Figure 2 shows the expected increase in well productivity with increasing fracture stages. This is the argument the service providers will use to support their goal of selling more stages in any fracturing job.  In this simple example, an increase of around 17% of additional cumulative production is achieved at the end of year 5, when comparing a 15-stage fracture case to an 8-stage fracture. This means, it costs almost twice the price to get an additional 17% of increased productivity.

Production from Horizontal hydraulic

The increase in the number of stages is not a linear relationship with the well productivity as seen in Figure 3. The incremental productivity decreases with increasing number of stages. The incremental productivity attained when increasing the stages from 6 to 12 is higher than the one when increased from 12 to 16, and this is higher than the incremental productivity when the number of stages increases from 16 to 20. One of the possible causes for this performance is the fact that a higher number of stages, the fractures will compete with each other, in a reduced spacing, for the limited fluid volume to be produced. This behaviour supports the observation regarding the higher initial productivity for the cases with higher number of stages reaching a point in time, where the productivity will be reversed and so, the case with lower number of stages will overpass the higher number of stages case, which means a diminishing returns from higher number of stages.

Time vs Cumulative Oil as a Function of number of stages

The increase in productivity is again shown in Figure 4, where increases in number of stages will result in incremental well productivity. The question then is: what is the optimum number of stages? The answer then should come from an economic analysis, and not from simple production figures.

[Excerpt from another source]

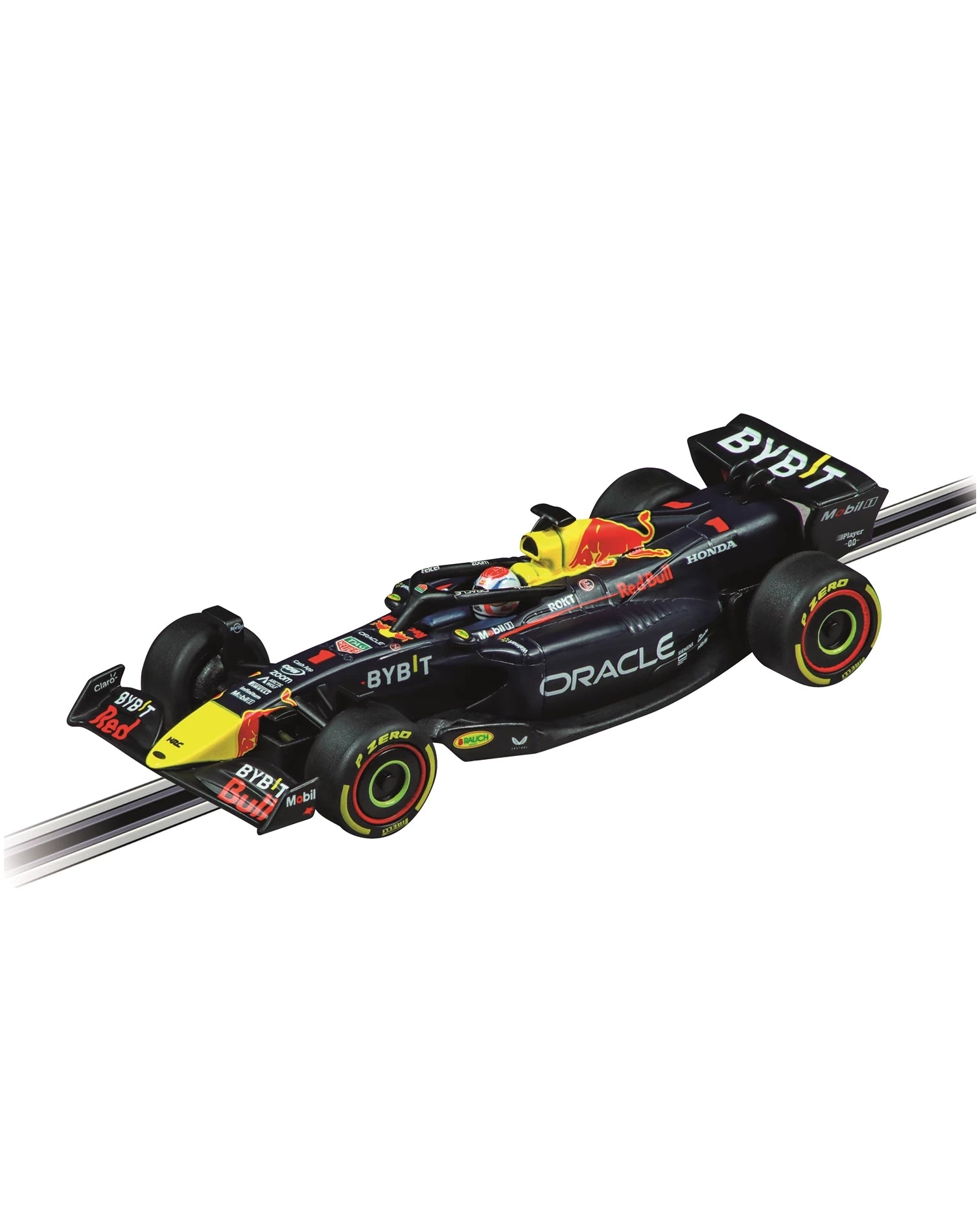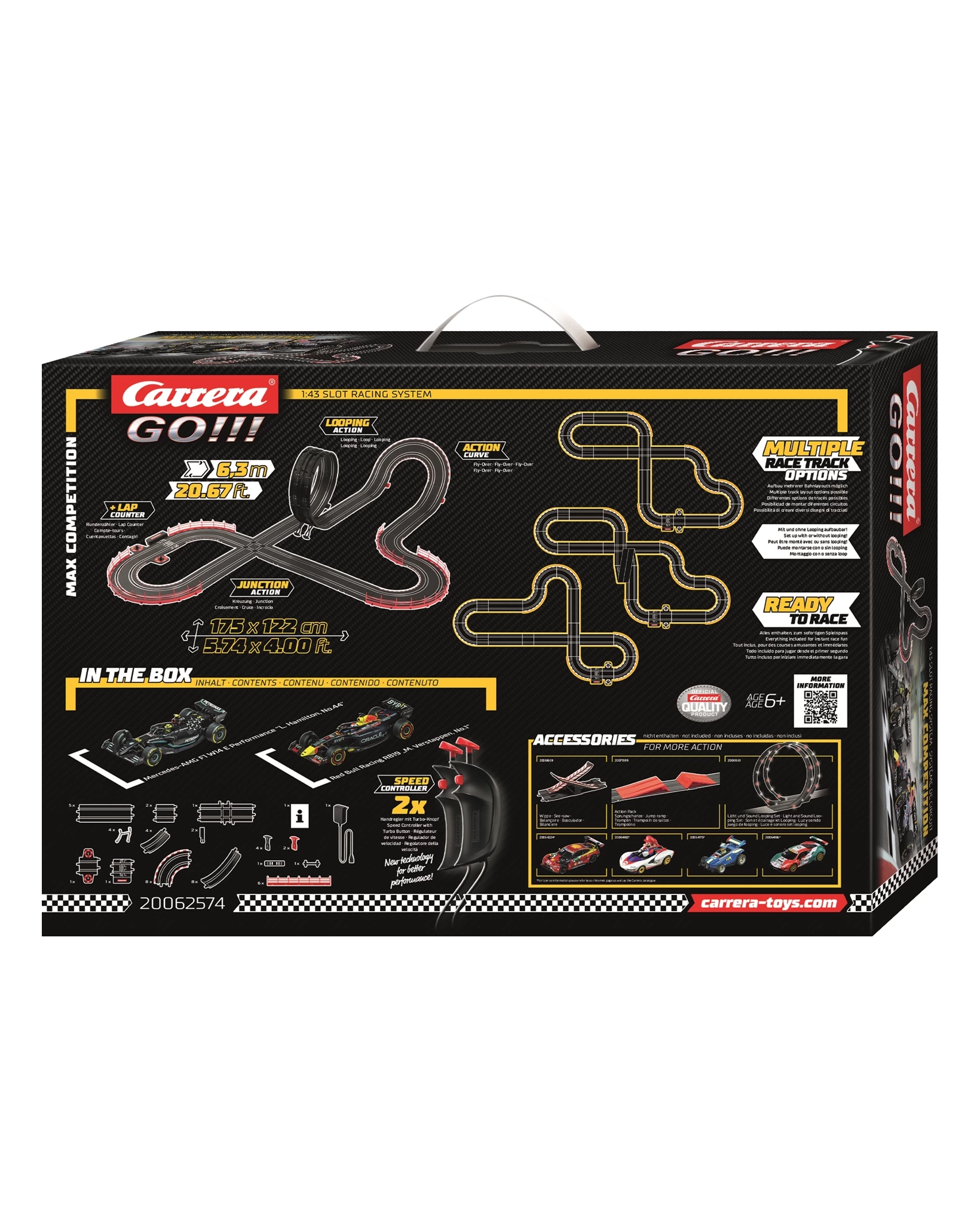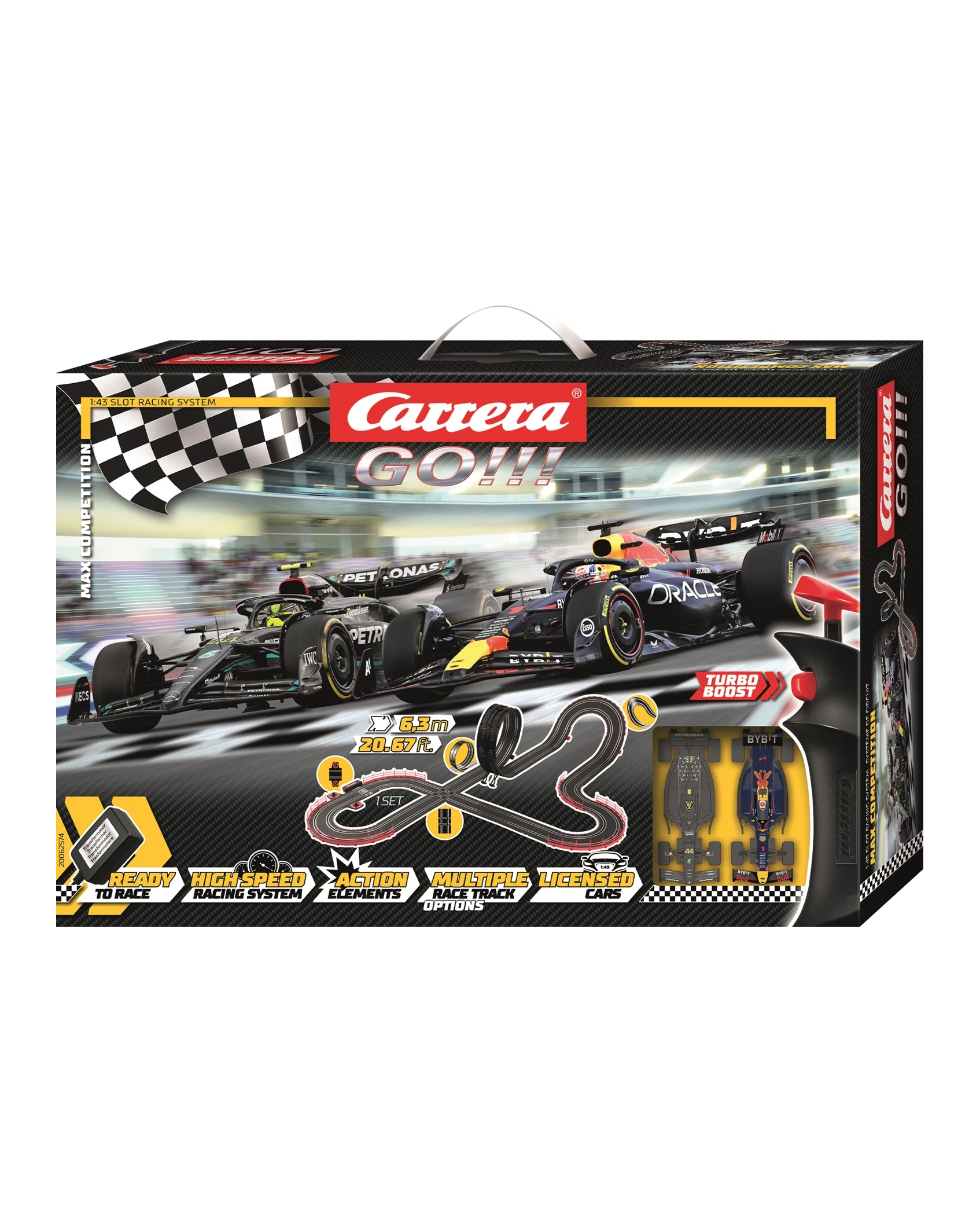 With the Carrera GO! F1 Max Competition, you can bring the authentic Formula 1 feeling home. On the 6.3-meter-long track, multiple world champions Lewis Hamilton in the Mercedes AMG W14 and Max Verstappen in the Red Bull Racing RB19 compete. Loops, intersections, and tight corners demand full concentration, while the turbo boost on the hand controllers provides extra speed – pure racing action in 1:43 scale.
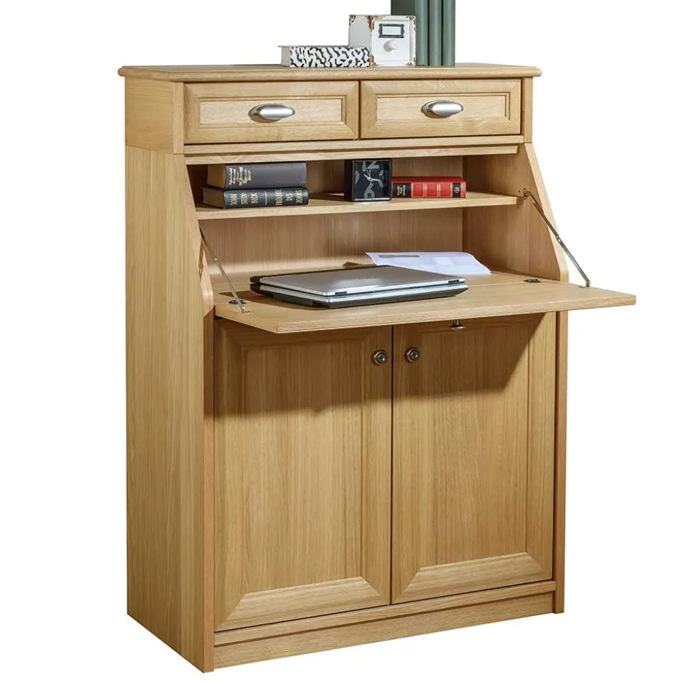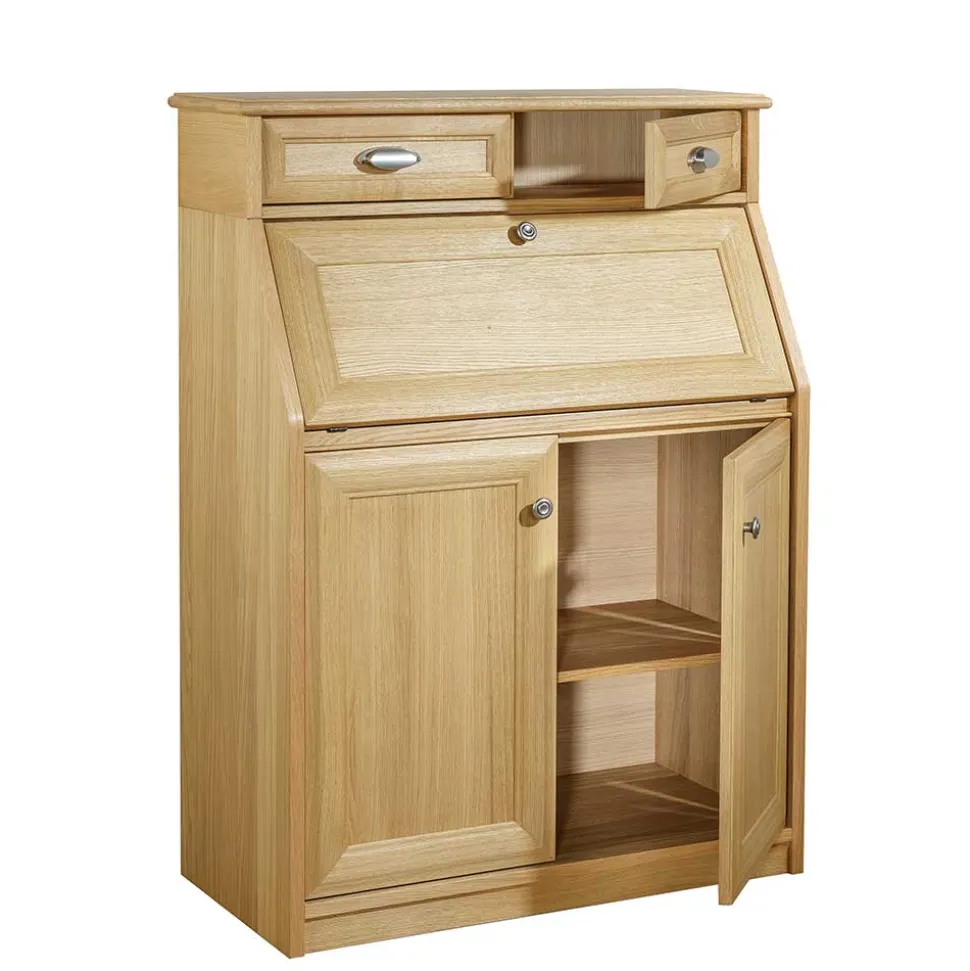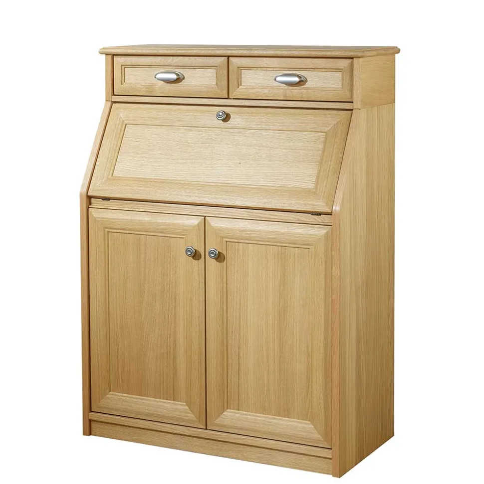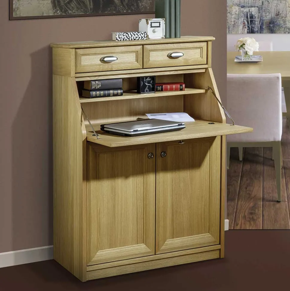 Das klassisch zeitlose Design des „Optica“ strahlt Harmonie und Eleganz aus und fügt sich nahtlos in jede Raumgestaltung ein. Die Fronten des Sekretärs sind mit hochwertigen Rahmenaufdopplungen aus massivem Eichenholz verziert, die die Qualität des Möbelstücks unterstreichen. Besondere Akzente setzen die dekorativ quer verlaufende Holzmaserung sowie die handlichen Muschel- und Knopfgriffe aus Metall, die nicht nur schön aussehen, sondern auch eine hohe Funktionalität bieten.

Productivity as a Function of Number of Stages

Using the expected NPV numbers for each number of stages case, is the only way to define the number of stages that will get the optimum productivity from the completion, as seen in Figure 5. For this example, the optimum number of stages would be the range 12 to 14, which will accomplish the highest NPV numbers.

NPV as a Function of Number of Stages

Production logging and microseismic data have established that 70% of the production comes from only 30% of the fracture stages, in other words, 70% of the stages are ineffective.

Also, it has been recognized that 70% of the wells in unconventional plays do not reach their production targets.

Those two examples show that even though there has been an outstanding progress in drilling and completion developments, still the industry should not be bragging about its achievements.  I think there is still plenty of room to be humble.